(Collection entries)
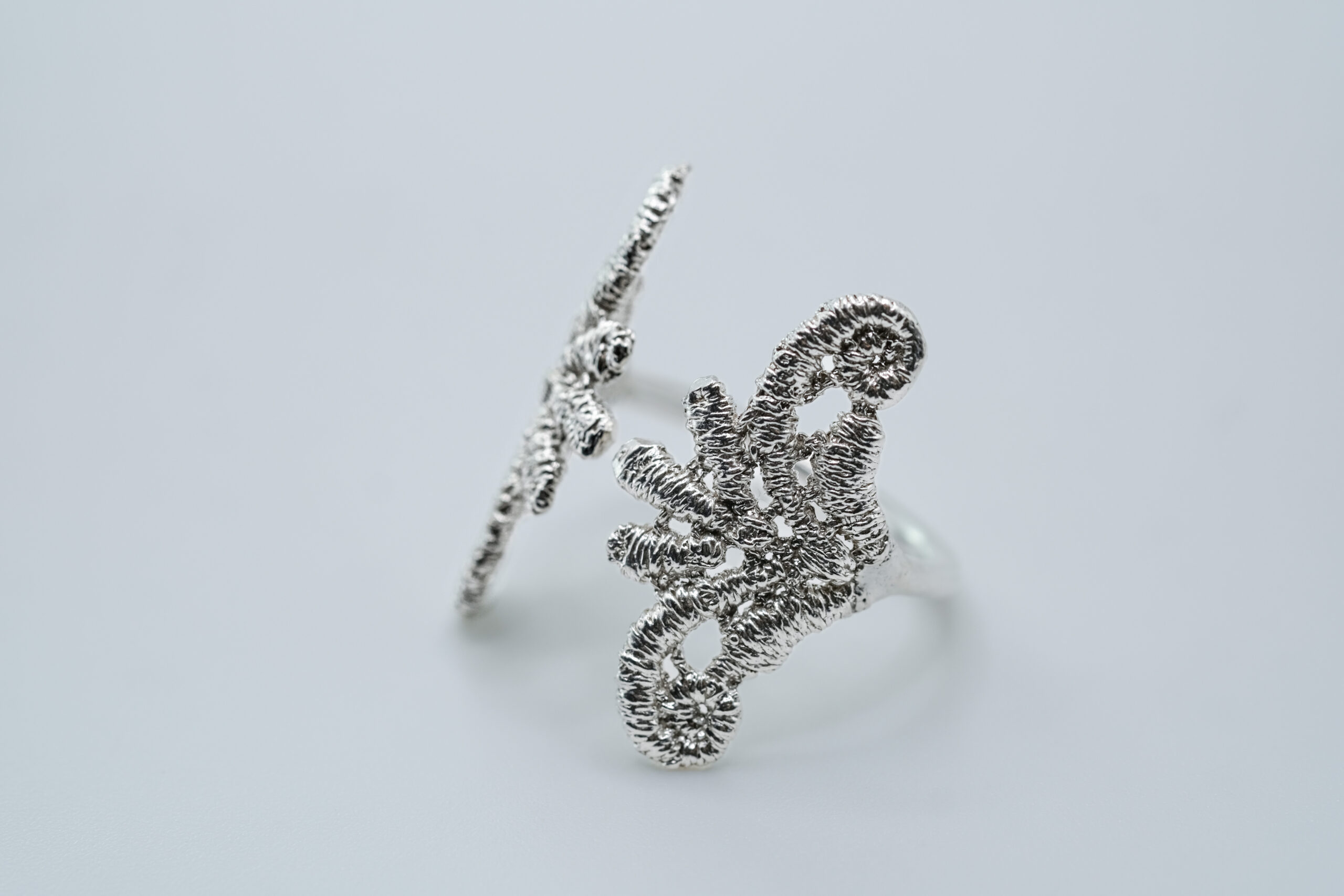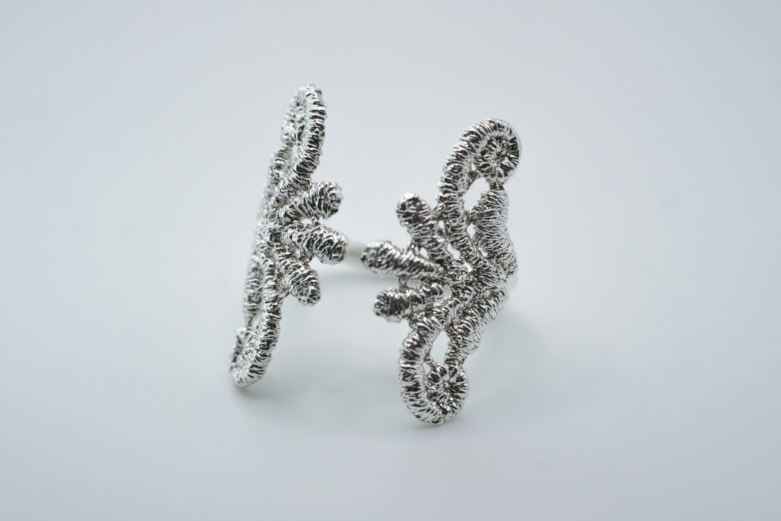 Anillo de la colección BRODERIE , con un elegante diseño de inspiración victoriana gracias a sus delicados scrolls, está hecho 100% de plata 950 y recrea la textura de una cinta de macramé de algodón. Una pieza versátil que añade un toque de sofisticación a cualquier look.
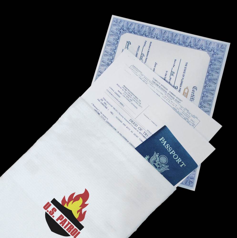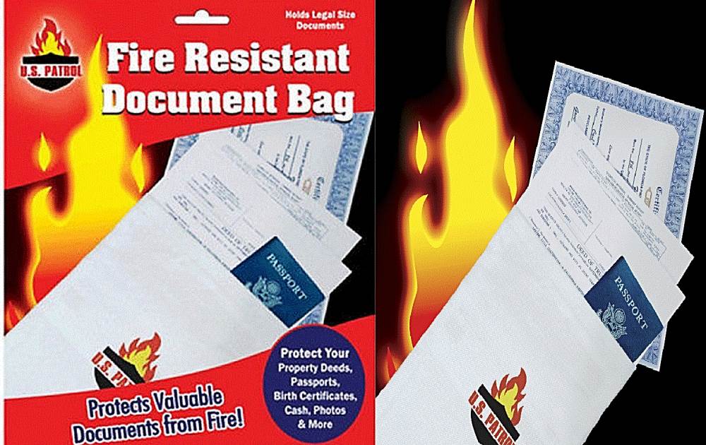 2 x Fire-Resistant Document Bag keeps those vital documents Great for passports. deeds. birth certificates. cash and more. and photos you can’t afford to lose safe from fire.
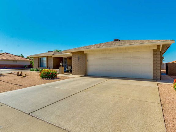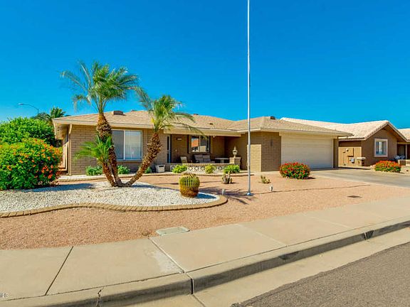 Sunland Village East Active Adult Community. Furnished and move in ready. Corner lot with citrus trees. Spacious, open, custom floorplan includes 2 bedrooms and a huge 13x18 bonus room plus a 13x28 air conditioned Arizona room, making actual living space 2285 sq ft. Large kitchen with island and breakfast bar. Lots of storage. Mechanical rollup shades and security doors provide peace of mind when traveling. The 5x12 separate laundry room includes a washer/dryer, soaking sink, a solar light, and cabinets. 2 year old air conditioner is still under the protection plan. Garage floor, driveway and front porch floor are epoxy coated. 2.5 car Garage has built in cabinets and access to attic storage space. Adult community with golf course, softball field, tennis courts, heated pool, rec center.
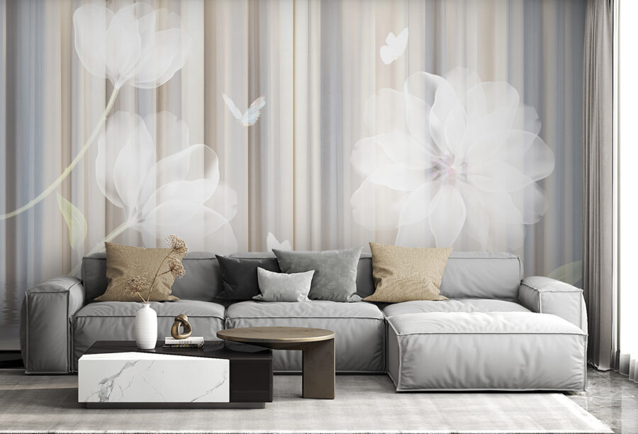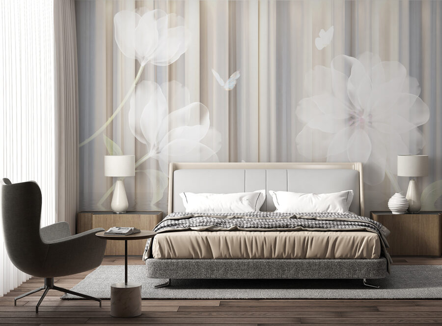 Transformați orice cameră într-o evadare liniștită cu această pictură murală florală de vis cu flori blânde și fluturi grațioși. Este ca și cum ai păși într-o grădină senină, unde fiecare privire invită la un moment de calm. Imaginați-vă că vă relaxați cu o carte bună, cu nuanțele suave care vă înconjoară, aproape ca o îmbrățișare confortabilă. Perfectă pentru o cameră de zi sau un colțișor liniștit, această pictură murală nu numai că adaugă frumusețe, dar creează și un vibe spațios. Este acea atingere încântătoare care îi face pe vizitatori să se oprească, să admire și poate chiar să viseze puțin. Cine ar fi crezut că pereții pot inspira astfel de visări frumoase?
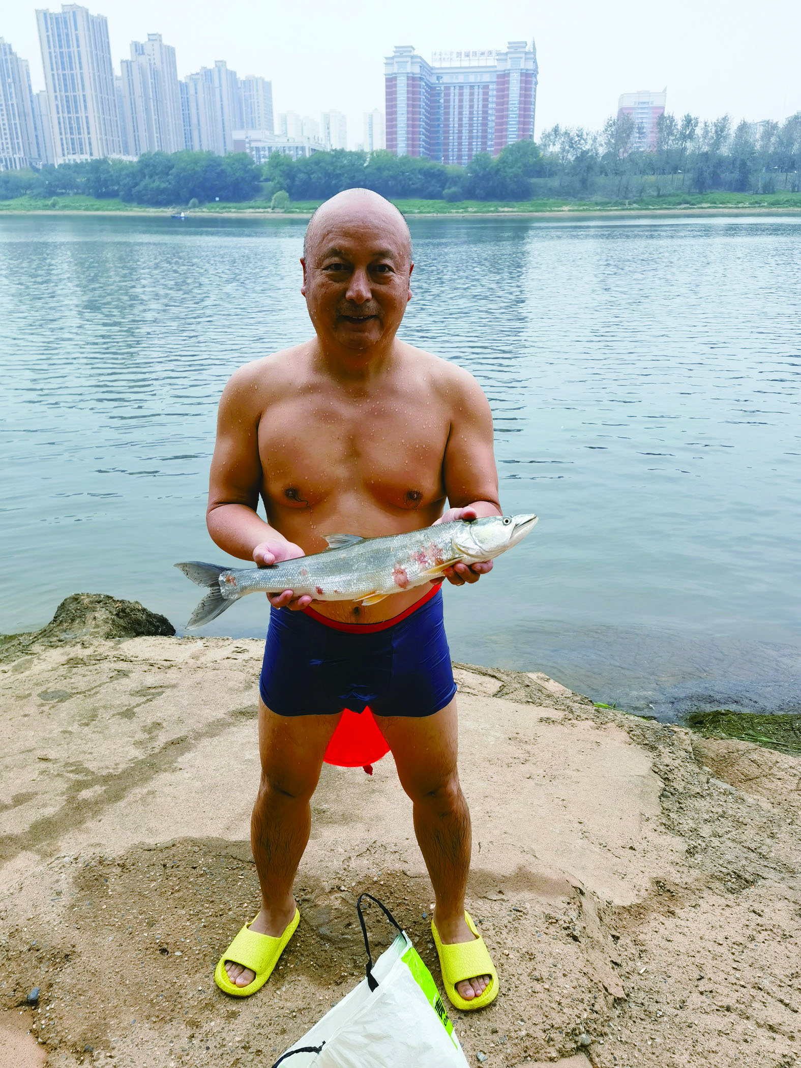 本报讯(株洲晚报融媒体记者/戴萍) 家住芦淞区的黄先生与余先生是一对游泳“搭子”。前天傍晚,两人在湘江里游泳时,各自徒手抓了一条鳡鱼,这把两人都乐坏了。
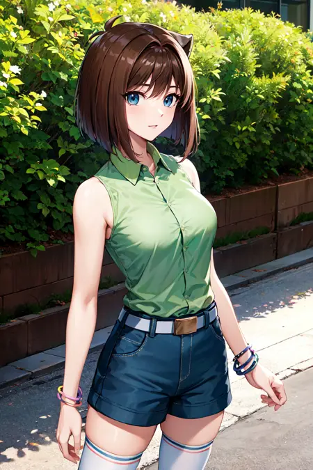 아우트핏3aamazaki, (antenna hair:1.2), 중간 크기 가슴, 녹색 셔츠, 소매 없음, 팔찌, 벨트, 파란색 반바지, 흰색 허벅지 스타킹
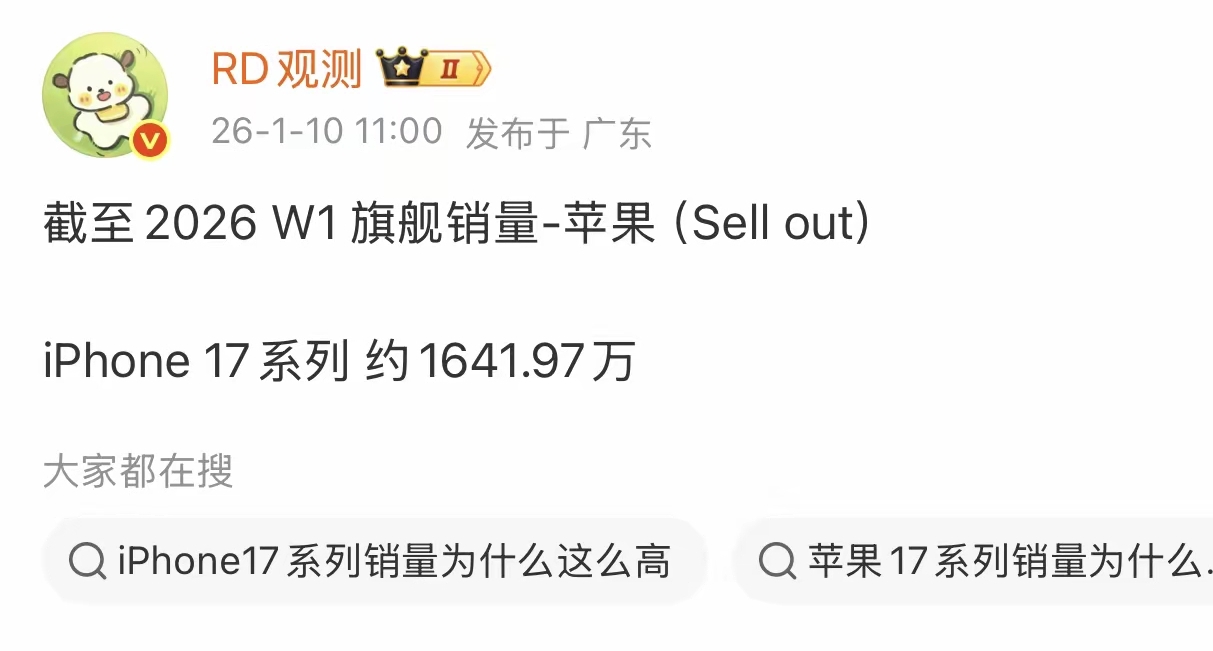 苹果iPhone 17系列交出亮眼销量成绩单,上市六周累计销量突破1642万台,较前代iPhone 16系列同期增长22%,创下近三年旗舰机型同期销量新高。这一数据覆盖全球主要市场,其中大中华区贡献41%份额,成为销量增长核心引擎,强势巩固苹果在6000元以上高端市场的统治地位,即便面临竞品密集上新,仍保持碾压式优势。

§ **YOUR OBJECTIVE**
Line by line, restate the data above exactly as it stands, minus the pictures.

§ **RESULT BELOW**
 Anillo de la colección BRODERIE , con un elegante diseño de inspiración victoriana gracias a sus delicados scrolls, está hecho 100% de plata 950 y recrea la textura de una cinta de macramé de algodón. Una pieza versátil que añade un toque de sofisticación a cualquier look.
 2 x Fire-Resistant Document Bag keeps those vital documents Great for passports. deeds. birth certificates. cash and more. and photos you can’t afford to lose safe from fire.
 Sunland Village East Active Adult Community. Furnished and move in ready. Corner lot with citrus trees. Spacious, open, custom floorplan includes 2 bedrooms and a huge 13x18 bonus room plus a 13x28 air conditioned Arizona room, making actual living space 2285 sq ft. Large kitchen with island and breakfast bar. Lots of storage. Mechanical rollup shades and security doors provide peace of mind when traveling. The 5x12 separate laundry room includes a washer/dryer, soaking sink, a solar light, and cabinets. 2 year old air conditioner is still under the protection plan. Garage floor, driveway and front porch floor are epoxy coated. 2.5 car Garage has built in cabinets and access to attic storage space. Adult community with golf course, softball field, tennis courts, heated pool, rec center.
 Transformați orice cameră într-o evadare liniștită cu această pictură murală florală de vis cu flori blânde și fluturi grațioși. Este ca și cum ai păși într-o grădină senină, unde fiecare privire invită la un moment de calm. Imaginați-vă că vă relaxați cu o carte bună, cu nuanțele suave care vă înconjoară, aproape ca o îmbrățișare confortabilă. Perfectă pentru o cameră de zi sau un colțișor liniștit, această pictură murală nu numai că adaugă frumusețe, dar creează și un vibe spațios. Este acea atingere încântătoare care îi face pe vizitatori să se oprească, să admire și poate chiar să viseze puțin. Cine ar fi crezut că pereții pot inspira astfel de visări frumoase?
 本报讯(株洲晚报融媒体记者/戴萍) 家住芦淞区的黄先生与余先生是一对游泳“搭子”。前天傍晚,两人在湘江里游泳时,各自徒手抓了一条鳡鱼,这把两人都乐坏了。
 아우트핏3aamazaki, (antenna hair:1.2), 중간 크기 가슴, 녹색 셔츠, 소매 없음, 팔찌, 벨트, 파란색 반바지, 흰색 허벅지 스타킹
 苹果iPhone 17系列交出亮眼销量成绩单,上市六周累计销量突破1642万台,较前代iPhone 16系列同期增长22%,创下近三年旗舰机型同期销量新高。这一数据覆盖全球主要市场,其中大中华区贡献41%份额,成为销量增长核心引擎,强势巩固苹果在6000元以上高端市场的统治地位,即便面临竞品密集上新,仍保持碾压式优势。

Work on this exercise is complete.